NORTH DAKOTA (KXNET) — North Dakota’s Legacy Fund has been called the “people’s fund.” It’s filled with our tax dollars, more than $8 billion worth.

It has been nearly 16 months since the major part of House Bill 1425 was signed into law. Some $550 million of those dollars must be used for in-state economic investing.

But, there is still no implementation process in place and no investments have been made from the largest portion set aside for investments in North Dakota.

At Thursday’s Legacy Fund Advisory Board Meeting, the board grappled with what the fund actually is.

“I think there is conflict right now about, is this a true sovereign wealth fund, which is meant to diversify and maximize and grow our state or economy through those tools? Or is this, for lack of a better term, and I’m not sure which one is right, or is it truly more of a pension fund for the state,?” asked ND Insurance Commissioner Jon Godfread.

Financial consulting firm RVK, Inc. presented the findings of their Legacy Fund Asset Allocation Study.

They found House Bill 1425 never fully spelled out a process for how the funds were to be invested in equity or economic development projects.

“We’re assuming, again directed otherwise, that the core objective, the end game for 1425, and all the related things you do with Legacy Fund capital, are for economic development,” said RVK Director of Research and Senior Consultant Jim Voytko.

3% of the Legacy Fund has been delegated to Chicago-based investment firm 50 South Capital to divvy out to venture capital firms. Our previous reporting showed that those firms were all initially headquartered out of state.

But the other 7%, which is some $550 million, has been sitting in limbo for nearly 16 months.

“Outcomes like jobs, like the potential creation of companies, like the addition or expansion of company’s operations within the state. The creation of wealth, the building of income, and all of those things that are the end game of investment,” explained Voytko.

The second immediate concern is that the State has no implementation process in place.

“Who actually does it? Who finds these investments? Who vets them? Who negotiates them,” asked Voytko.

But, before they can even delegate the authority and accountability to make the capital requests, they still need to settle square one.

“We’ve got a messaging problem to the citizens because they are misunderstanding this. And, that is partial as a SIB member, RIO. We’ve all got our hands in it somewhere,” stated Godfread.

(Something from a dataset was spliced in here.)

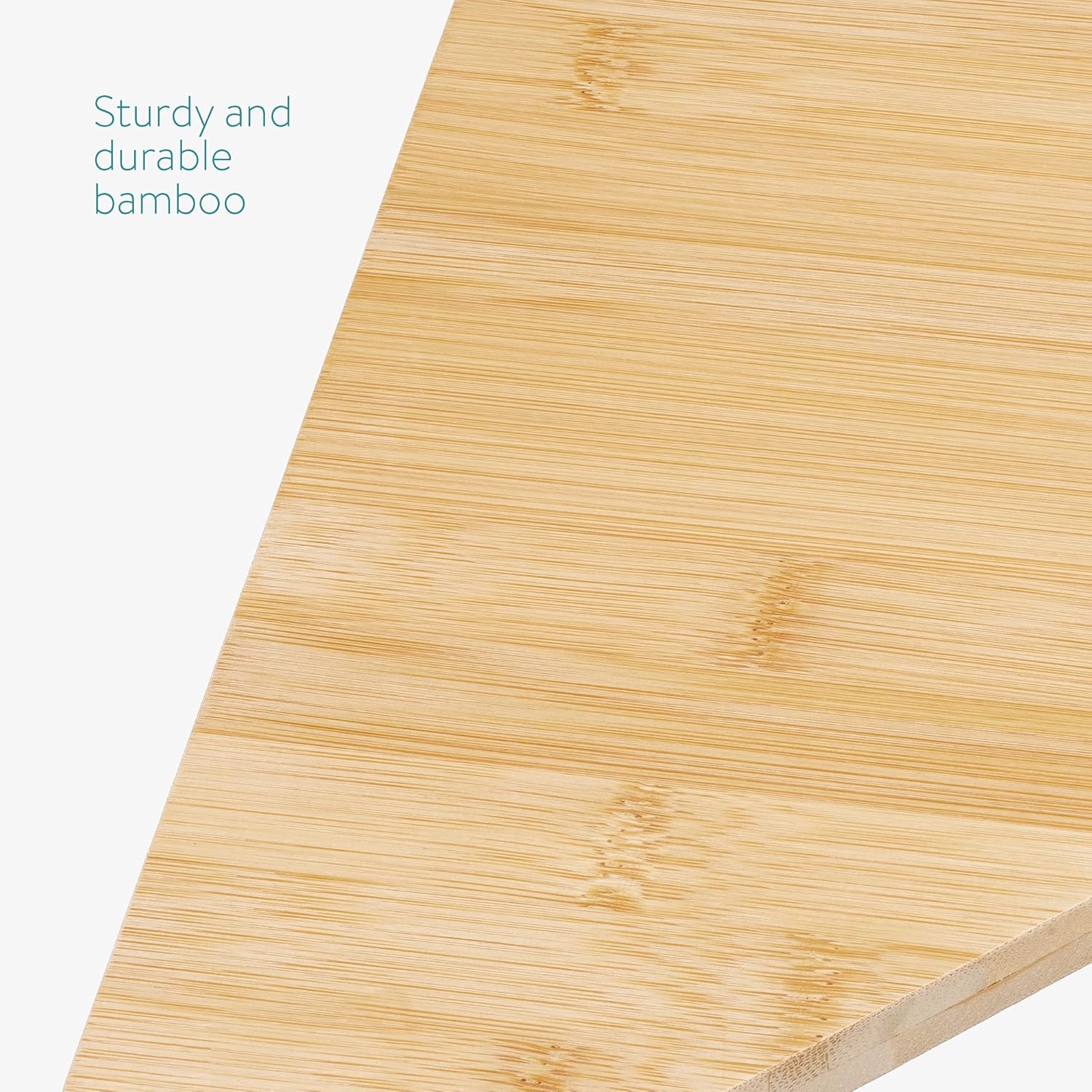 - OPTIMIZE STORAGE: Bring order to a cluttered corner by adding an extra level of storage space with this elegant bamboo shelf. Fits neatly into corners on work surfaces and counter tops, tables and desks, or inside cupboards and kitchen cabinets.

“Are we going to incorporate jobs, created, earnings, all those sorts of things? That’s not going to be returned to the Legacy Fund. That’s a total other return and a total other measurement. We are going to have to make a decision in committee because that’s what 1425 does, and you know, we’ll have to make a decision whether that’s how we want to continue to move forward,” said Bank of North Dakota President Todd Steinwand.

A sub-committee of the advisory board has been formed to work on bringing suggestions on how to implement an in-state investing process at the next Legacy Fund Advisory Board Meeting. As things stand, it is expected to take many more months of bureaucratic redundancies and inaction when it comes to implementing our new in-state investing law.

The Legacy & Budget Stabilization Fund Advisory Board is made up of 10 members. Six state lawmakers, the State Treasurer, the Insurance Commissioner, the Tax Commissioner, and the President of the Bank of North Dakota.